Some results of low weight:
34 | giscours | bUGs buGS buGS bUgS blAnK BlAnk blanK BlanK BUGS BUgS bugS BugS dwCpy |
34 | margaux | BugS BUgs buGs BUgs bLANK Blank bLanK BlAnk BuGs BuGs BUGS bUGs FcBkw |
34 | angel1 | cOWs cOws cOws Cows dirTY dIrTY DIRty DirtY cOWS COWS CoWS COWS qqhmD |
34 | behemoth | cOWs CoWs cowS COws diRTy diRTy diRty dIrtY cOWS COwS COwS CowS kicOo |
34 | behemoth | coWs cOWs coWS cOws dIRtY Dirty DiRTY DIrtY cOWS Cows CoWs Cows FtEgn |
34 | behemoth | CoWs cOws cOWs COWS DirTY DirTY DirtY dIrty COWS CowS cOwS CoWS csr6B |
34 | behemoth | coWS cOWs cowS cOws dIRtY Dirty DiRTY DIrtY cOWS Cows CoWs Cows byhia |
34 | berlekamp | BUGs BuGs bUGs BUGS BlAnk BlAnk BLAnK blAnK buGs bUGs bUGs bUGS icxxt |
34 | ebauche | rUBY rubY ruBY ruby tokyo ToKYo tOkYo tokYO rUBy RubY ruBy ruby ifloc |
34 | lanczos | BUgS bugS BUGs BUGs blAnK Blank BlAnk BlANK BuGs BUGs bUGs BuGs ckbBr |
34 | ranger | BuGs BUGS bugs bUgs BlAnk BlanK bLaNk blaNk BUGs BUGS BUGs BuGs banzb |
34 | unicorn | bugS BUGS BUGs bUgs blANk BlanK blAnk bLAnK buGS bugs BuGS bUgs xphKL |
34 | unicorn | bUgS bUGs bUGs BuGS bLank bLANK BLAnK BLaNK BuGS BuGs BuGs bUgs tmFgx |
33 | behemoth | COws cows COws COWs diRTy diRTy diRty dIrtY cOWS COwS COwS CowS omBdF |
33 | behemoth | CoWS coWS CowS cOWS DiRTY DIrtY DirTy DIRtY COWS COWS cOwS cOWS bvpDq |
33 | movebank | BUgs bUGS bUGs bugS BlaNK BLanK blANK bLaNK BugS BUgs BuGs bUgs liwcC |
33 | ranger | BuGs buGS BUgs BUgs BLanK BlanK bLanK blAnk BUGs bUgS bugS buGs CltAB |
32 | giscours | bUgs BuGS bUgS BUgS blAnK BlAnk blanK BlanK BUGS BUgS bugS BugS wrubc |
32 | behemoth | cOWs cOwS cOwS cowS DIRtY Dirty DiRTY DIrtY cOWS Cows CoWs Cows owjo0 |
31 | centaur | bUGs BUgs bUGS bUgS bLAnk BlAnK BlANK BLank buGS bugS bUGS bUGs dCao2 |
30 | tesla | BuGS bugs bUgs BUGs BLAnK BlAnK blANK BlaNK BuGS BUgS buGS bugS FkCjV |
Nothing is official yet, but from scanning the public postings it looks good for us.

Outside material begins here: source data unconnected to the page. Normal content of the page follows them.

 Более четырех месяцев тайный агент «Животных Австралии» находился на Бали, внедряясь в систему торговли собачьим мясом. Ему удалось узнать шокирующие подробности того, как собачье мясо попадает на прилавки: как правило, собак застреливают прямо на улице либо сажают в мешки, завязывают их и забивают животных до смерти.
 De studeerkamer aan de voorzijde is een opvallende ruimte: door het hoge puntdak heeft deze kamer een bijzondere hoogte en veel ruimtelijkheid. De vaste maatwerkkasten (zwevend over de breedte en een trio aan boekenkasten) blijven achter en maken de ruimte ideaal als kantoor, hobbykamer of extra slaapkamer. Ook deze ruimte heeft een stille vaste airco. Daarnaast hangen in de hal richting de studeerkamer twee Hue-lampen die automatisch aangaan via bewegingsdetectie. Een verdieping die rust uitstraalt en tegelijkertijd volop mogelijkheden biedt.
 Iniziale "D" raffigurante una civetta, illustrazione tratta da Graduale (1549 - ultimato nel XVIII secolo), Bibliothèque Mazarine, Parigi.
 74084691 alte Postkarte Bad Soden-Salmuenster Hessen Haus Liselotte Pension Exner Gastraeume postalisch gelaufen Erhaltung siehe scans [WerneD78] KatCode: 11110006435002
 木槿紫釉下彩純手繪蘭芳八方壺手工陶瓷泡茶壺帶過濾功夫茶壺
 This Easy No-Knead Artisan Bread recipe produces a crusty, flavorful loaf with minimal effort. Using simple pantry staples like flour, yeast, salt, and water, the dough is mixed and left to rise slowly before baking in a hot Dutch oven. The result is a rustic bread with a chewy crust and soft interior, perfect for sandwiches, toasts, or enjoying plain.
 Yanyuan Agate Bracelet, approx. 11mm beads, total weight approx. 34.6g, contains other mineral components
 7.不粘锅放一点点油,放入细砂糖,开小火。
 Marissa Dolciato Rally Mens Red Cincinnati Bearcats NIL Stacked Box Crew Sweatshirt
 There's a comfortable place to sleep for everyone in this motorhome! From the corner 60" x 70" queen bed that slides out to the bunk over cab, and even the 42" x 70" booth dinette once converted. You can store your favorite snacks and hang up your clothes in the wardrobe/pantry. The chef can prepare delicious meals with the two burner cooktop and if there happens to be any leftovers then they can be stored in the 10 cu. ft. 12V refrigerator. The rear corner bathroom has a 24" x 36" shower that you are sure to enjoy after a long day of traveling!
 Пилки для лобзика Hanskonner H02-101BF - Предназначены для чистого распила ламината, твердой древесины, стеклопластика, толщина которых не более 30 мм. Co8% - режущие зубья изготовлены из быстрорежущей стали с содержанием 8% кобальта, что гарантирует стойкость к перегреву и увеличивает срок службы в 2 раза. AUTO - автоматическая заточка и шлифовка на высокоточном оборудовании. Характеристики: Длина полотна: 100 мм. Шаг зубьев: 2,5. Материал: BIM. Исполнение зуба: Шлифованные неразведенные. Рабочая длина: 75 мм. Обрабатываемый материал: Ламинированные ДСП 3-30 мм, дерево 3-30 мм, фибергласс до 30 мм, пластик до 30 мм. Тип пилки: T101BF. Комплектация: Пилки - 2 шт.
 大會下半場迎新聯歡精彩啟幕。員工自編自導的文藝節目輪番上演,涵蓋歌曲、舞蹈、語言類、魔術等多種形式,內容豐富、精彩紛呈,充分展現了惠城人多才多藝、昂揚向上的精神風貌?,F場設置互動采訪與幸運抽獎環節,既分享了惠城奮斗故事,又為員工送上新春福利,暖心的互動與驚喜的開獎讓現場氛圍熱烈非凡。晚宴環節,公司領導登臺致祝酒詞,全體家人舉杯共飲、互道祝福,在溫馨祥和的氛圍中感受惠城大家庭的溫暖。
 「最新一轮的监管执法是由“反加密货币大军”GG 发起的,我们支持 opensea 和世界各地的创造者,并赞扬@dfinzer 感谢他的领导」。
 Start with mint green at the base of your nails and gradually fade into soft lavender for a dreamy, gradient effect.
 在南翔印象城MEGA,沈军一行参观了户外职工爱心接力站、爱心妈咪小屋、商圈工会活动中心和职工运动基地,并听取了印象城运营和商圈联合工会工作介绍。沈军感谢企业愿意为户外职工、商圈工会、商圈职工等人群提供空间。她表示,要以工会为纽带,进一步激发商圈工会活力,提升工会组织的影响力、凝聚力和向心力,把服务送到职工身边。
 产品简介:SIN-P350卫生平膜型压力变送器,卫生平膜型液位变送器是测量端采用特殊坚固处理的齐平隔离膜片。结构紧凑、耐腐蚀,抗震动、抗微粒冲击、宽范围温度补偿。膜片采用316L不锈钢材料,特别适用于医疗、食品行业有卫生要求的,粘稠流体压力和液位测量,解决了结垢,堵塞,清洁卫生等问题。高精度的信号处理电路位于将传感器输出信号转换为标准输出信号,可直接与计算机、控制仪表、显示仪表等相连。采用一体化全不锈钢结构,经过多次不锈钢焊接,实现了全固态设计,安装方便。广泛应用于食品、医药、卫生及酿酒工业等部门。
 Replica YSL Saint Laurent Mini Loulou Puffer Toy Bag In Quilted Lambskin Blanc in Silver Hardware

A very nice leader chart is by jazzychad who went through the effort of removing invalid or repeated entries and got us reloading continuously. Thanks for the great service of putting everything in humanly accessible and readable form! Tanja and Dan have been sending tweets to engineyard. Our best one is at Hamming distance 30 from the challenge text
BuGS bugs bUgs BUGs BLAnK BlAnK blANK BlaNK BuGS BUgS buGS bugS FkCjVand we got some other nice small distances, too.